軽井沢フードフェスティバル「Cu-Cal(クーカル)」へ!

今年の9月も、軽井沢に、「クーカル」に行ってきました。折しもシルバーウィーク。晩夏の名残も消え、9月も後半の軽井沢ゆえ、店仕舞いをしているところも多く、静かな軽井沢を想像していた私の予想は見事に裏切られました。

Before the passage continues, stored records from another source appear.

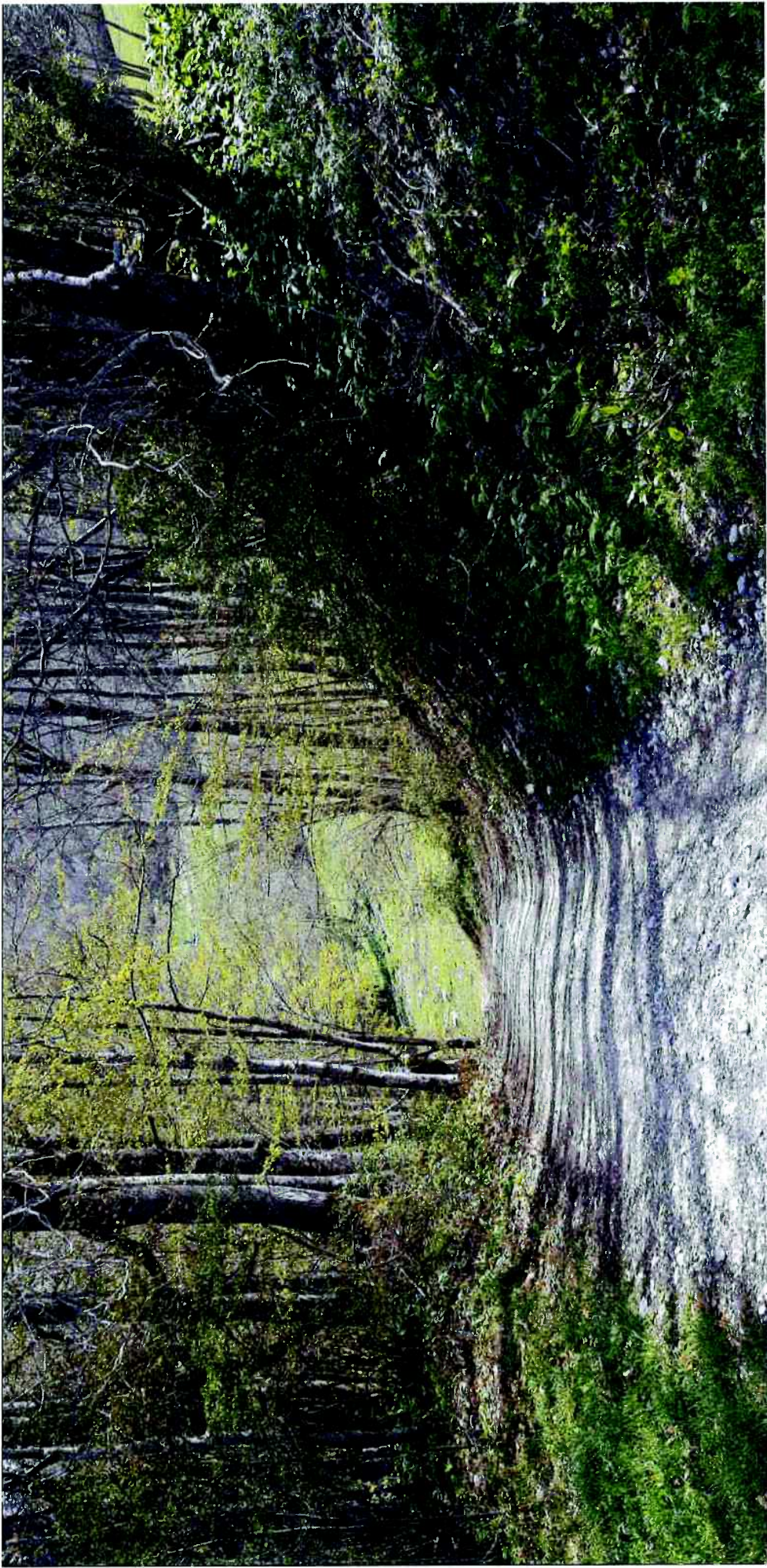
Dans l'emprise du projet
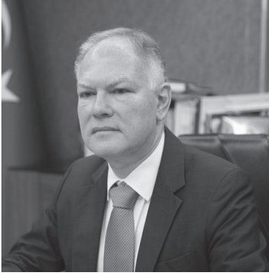
Büyükelçi (E) Selim Yenal İcra Komitesi Başkanı
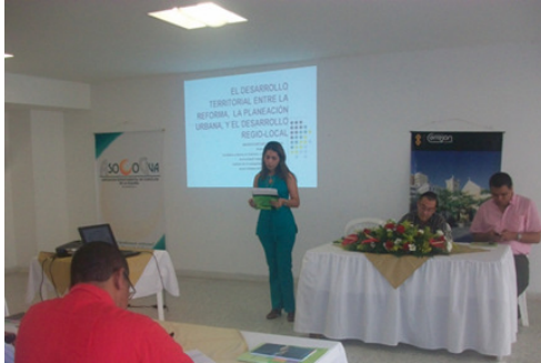
Evento Planeación Territorial Riohacha, 7 de octubre.

El seminario tuvo lugar en el Centro Cultural de Riohacha los días 7 y 8 de octubre, y congregó a funcionarios y Concejales de los municipios de Riohacha, Uribia, Manaure, Maicao, Distracción, Hatonuevo, Barrancas, Albania, La Jagua del Pilar y Fonseca.
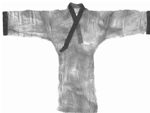
中国现存最早、最薄的纺织珍品——素纱襌衣。即便在现代，研究人员经过20年的努力，才终于织成了外观、色彩、质感与原物一模一样的仿制品，但重量依旧比原物重了0.5克。(马王堆汉墓出土)
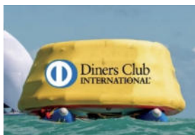
マーク 1、マーク 2
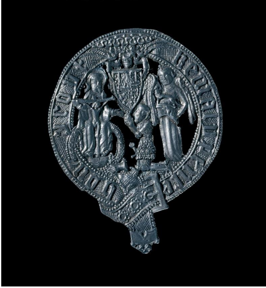
Fig.2 Black Prince, late 14th century.

Başlangıçta bu iki boyutlu dizbağı tasarımı şövalyeler resmi kıyafetlerinin üzerine işlenmiş olarak kullanılmaktayken daha sonra şövalyeler üç boyutlu tokalı dizbağını sol dizlerinin altına takmaya başladılar. Sol dizin altına takılan ve nişanın mottosunu taşıyan üç boyutlu dizbağına en eski örnek Dizbağı Şövalyesi Sör Simon de Felbrigge'e ait 1416 tarihli anıtsal pirinç levhada yer almaktadır. 211 Sör Simon, II. Richard'ın sancağını taşımış ve Agincourt Muharebesi'nde savaşmıştır. Günümüze Sör Simon dahil sadece 6 Dizbağı
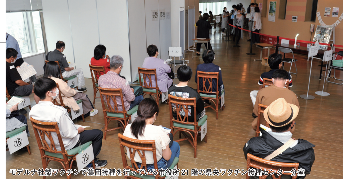
モデルナ社製ワクチンで集団接種を行っている市役所21階の県央ワクチン接種センター分室
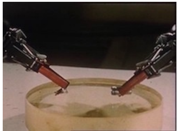
Images 10 et 11. Images d'installations du centre nucléaire Extraits du feuilleton Les Atomistes

À la fois pour les images originales et esthétiques qu'il offre et pour les ressorts qu'il propose en termes d'énigme, le travail en train de se faire est présenté avec détails et dans un grand respect de la réalité de cet univers pour autant qu'on puisse en juger à partir des images dispersées qu'on a pu consulter dans les documentaires contemporains du feuilleton qui sont cités plus haut et sur la base de différentes expériences d'observation participante du travail ouvrier qu'on a menées dans cet univers dans les années 1980 et 1990 (Fournier, 2012). Faute d'avoir accès à des archives écrites autour de la préparation de ce film, de l'écriture de son scénario et de son tournage, et en l'état des informations recueillies auprès des « acteurs », on ne sait pas exactement quel travail de repérage a été mené en amont 14 . Mais on peut dire que cette précision documentaire sur le travail tient a minima au tournage en décor naturel qui impose que, face aux installations techniques, le plus simple soit de faire se comporter les comédiens comme le font les « acteurs » ordinaires de ces lieux de travail. Cela tient sans doute aussi au contrôle qu'impose la direction du CEA sur ce tournage, sous les figures du service de la communication soucieux du projet de promotion du
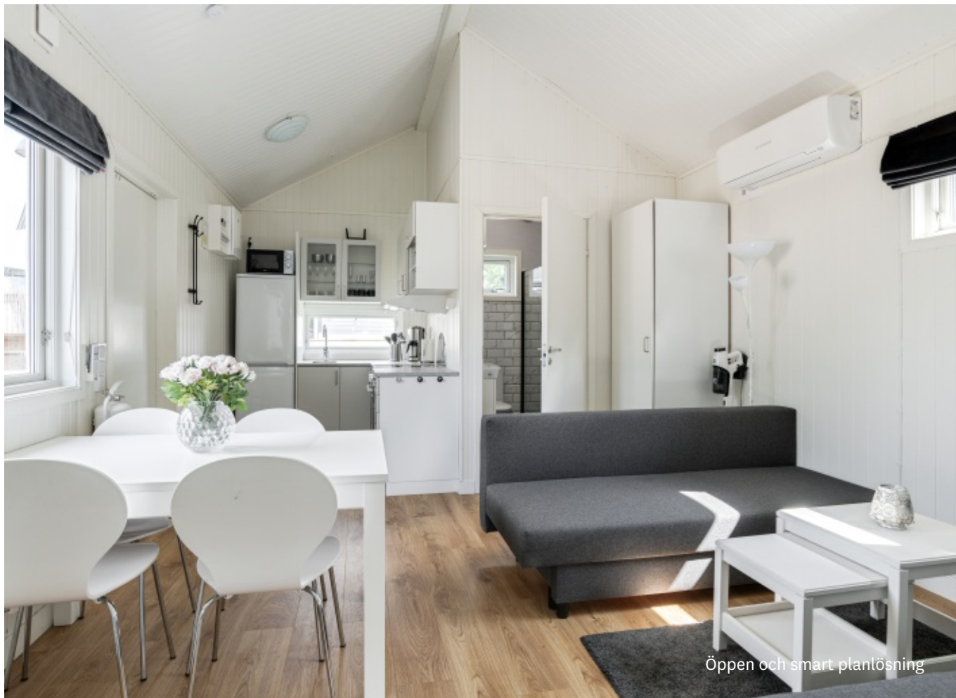
Öppen och smart planlösning
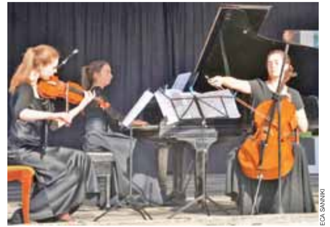
Trio wystąpiło w muszli koncertowej na świeżym powietrzu.

– Mamy nadzieję, że cykl darmowych letnich koncertów plenerowych spowoduje, że będą na koncerty chopinowskie przychodzić ludzie, którzy dotąd nie odwiedzali pałacu i nie delectowa-
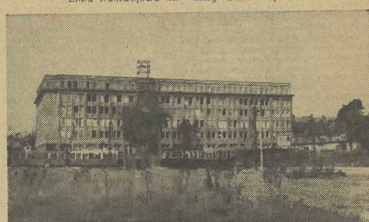
Biurowiec DOKP przy Rondzie
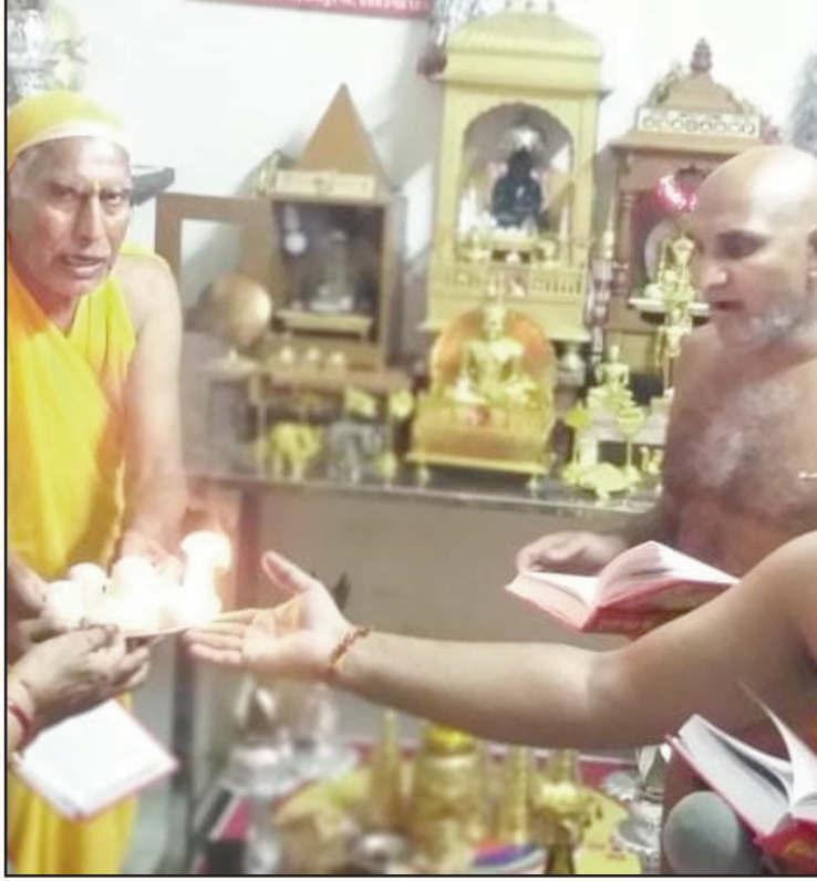
बगरू. शाबाश इंडिया
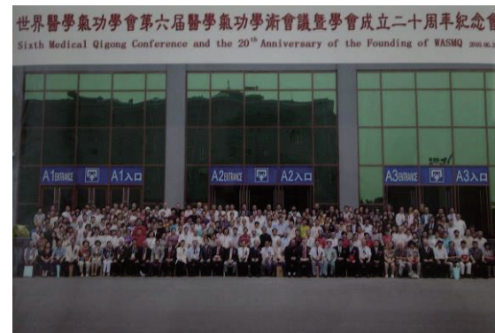
学術会議参加者による記念撮影
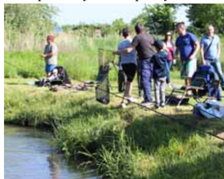
Jedna ryba za druhou
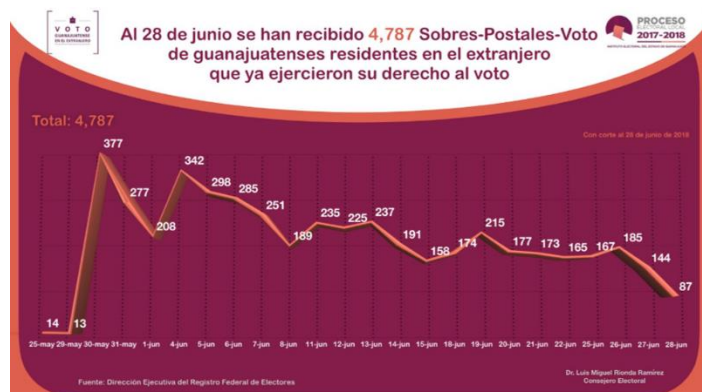
Sobres voto recibidos de los guanajuatenses residentes en el extranjero, IEEG, junio de 2018.
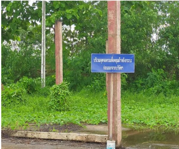
รูปที่ 2-22 จุดปิดคลุมกระบะบรรทุกของโครงการ
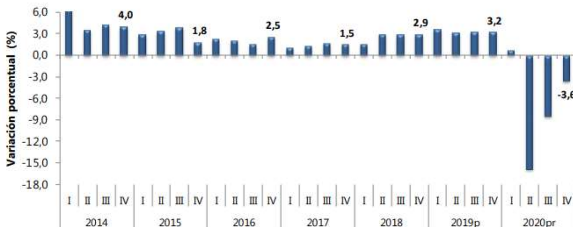
Gráfico 1. Producto Interno Bruto (PIB) Tasas de crecimiento en volumen 1 2014-I-2020 pr -IV
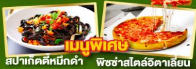
เมนูพิเศษ สปาเก็ตตีหมึกดำ พิชซ่าสโตร์อิตาลีเย็น
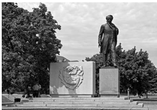
Рис. 7. Пам'ятник Т. Шевченку в Вашингтоні (1964).
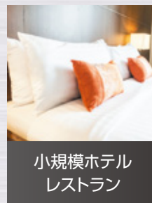
小規模ホテル レストラン

いやぁ、凄い人、人、人、人の波。旧軽の通りは、まるで竹下通りのよう。「お盆の頃よりも、人、出てるみたいだねぇ」とのタクシーの運転手さんのひと言にも納得、である。万平ホテルで、P誌のA嬢とおちあって、旧軽をふらりと歩いた後、早速「クーカル」へ。

ちょうど今日が最終日。有終の美を飾るシェフは、あの「ル・マンジュ・トゥー」の谷昇氏である。7時すぎ、会場に着くとすでに大半の席が埋まり、粛々とコースは始まっていた。

料理を運んだり、お客さんに料理を説明したり、厨房へ駆けこんだり・・・と谷シェフ全開。とても生き生きとしている。こんな谷シェフ、東京の店ではなかなか見られない。こちらまで楽しくなってくる。

まずは、本日のメニューをご紹介しよう。

岩魚のパラフィン、パットルージュのクーリ
仔鴨のショー・エ・フロア フォアグラのコンフィ 人参のグラッセ
鯉の赤ワイン煮、冷製
豚バラの煮込み、カルボナード
信州サーモンの低温調理、カーボンソース

夏鹿のロースト、ブーダンムー、ビーツピュレー

洋梨のベルエレーヌ見立て
モンブラン軽井沢風
小菓子

パン、コーヒー

とまぁ、こんな具合だ。

まずは、しょっぱなから目を見張らされた。岩魚のパラフィンである。メニューを見て、てっきり、薄いパータ・フィローのようなもので、岩魚の切り身かクネルをスティック状に巻いて揚げた春巻き状の料理が出てくるものと思っていた。だが、目の前に現れたのは、薄い、まさにパラフィンそのもの。岩魚の姿形はみじんもない。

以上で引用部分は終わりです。